Markets on Monday were also eyeing the situation in Syria after reports - denied by the Pentagon - that U.S. forces had struck a major air base there.
U.S. WTI crude futures were at $62.34 a barrel at 0355 GMT, up 28 cents, or 0.45 percent, from their previous settlement.
Brent crude futures were at $67.43 per barrel, up 32 cents, or 0.5 percent.
Oil prices fell about 2 percent on Friday after U.S. President Donald Trump threatened new tariffs on China, reigniting fears of a trade war between the world's two largest economies that could hurt global growth.
With Chinese markets closed last Thursday and Friday, Shanghai crude futures played catch-up on Monday, dropping 0.6 percent to around 400 yuan ($63.43) per barrel.
"Oil prices have been susceptible to the brewing trade tensions between China and the U.S....However, fundamental support levels have been demonstrated with OPEC's suggestion on an production limit extension into 2019," said Singapore-based Phillip Futures.
Oil prices have generally been supported by healthy demand as well as by supply restraint led by the Organization of the Petroleum Exporting Countries (OPEC), which started in 2017 in order to rein in oversupply and prop up prices.
In physical oil markets, OPEC's number two producer Iraq said on Monday that it is keeping prices for its crude supplies in May steady.

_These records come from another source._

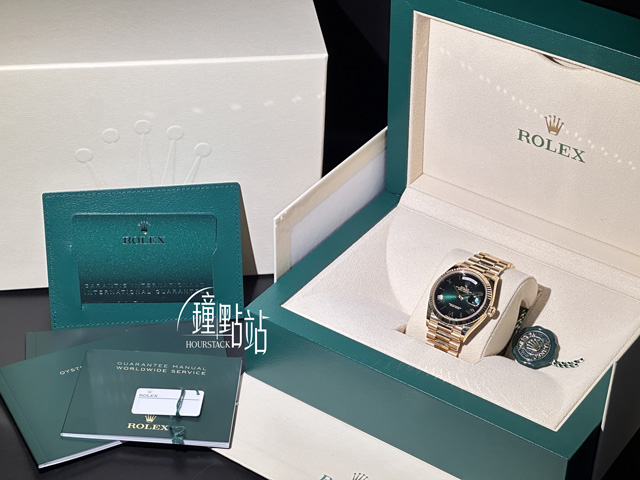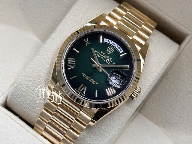 ROLEX 勞力士 Oyster Day-Date 36 星期日曆型 128238 煙燻綠面盤  蠔式 18K黃金 元首型錶鍊帶 2025年新式保卡 星期窗 日期窗 大三針 自動上鍊 36mm 誠摯邀請各位錶迷攜帶 AP、PP、Rolex 等名錶來店交換!本店承諾以最高價格評估,誠信交易,歡迎洽詢。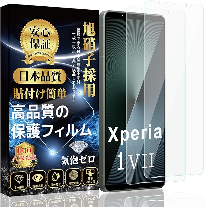 【2枚入り】Xperia 1 VII ガラスフィルム SO-51F 全面保護フィルム SOG15 液晶強化ガラス【日本製素材旭硝子製】硬度9H 貼り付け簡単 気泡防止 自動吸着 撥水撥油 指紋防止 飛散防止 Xperia 1 VII 液晶強化ガラス a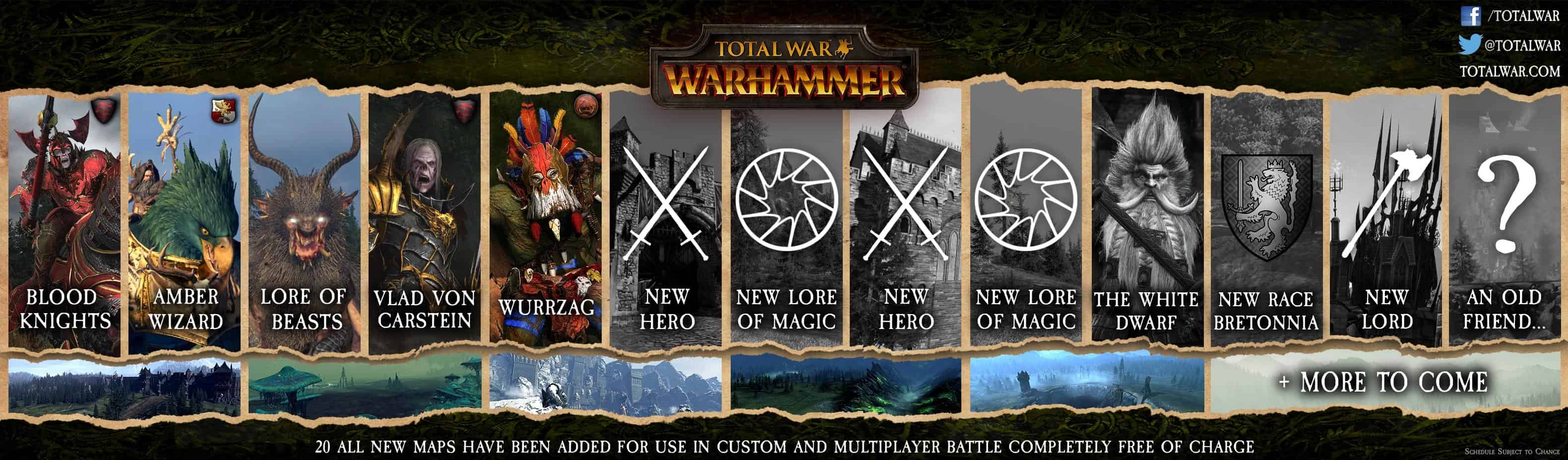 Nella giornata di oggi Creative Assembly ha pubblicato un post su Facebook illustrando i piani a breve termine per Total War: Warhammer, l’ultimo titolo dello studio. In generale, oggi sono arrivate parecchie informazioni sul gioco tutte in una volta, che cercherò di riassumere nel modo più chiaro e comprensibile possibile.

In the United States, drillers added 11 rigs looking for new production in the week to April 6, bringing the total count to 808, the highest level since March 2015, General Electric's Baker Hughes energy services firm said on Friday.
As a result, U.S. exports have soared in recent months, "more than offsetting the Venezuelan supply disruption" as a result of the economic crisis in the South American OPEC-member, Innes said.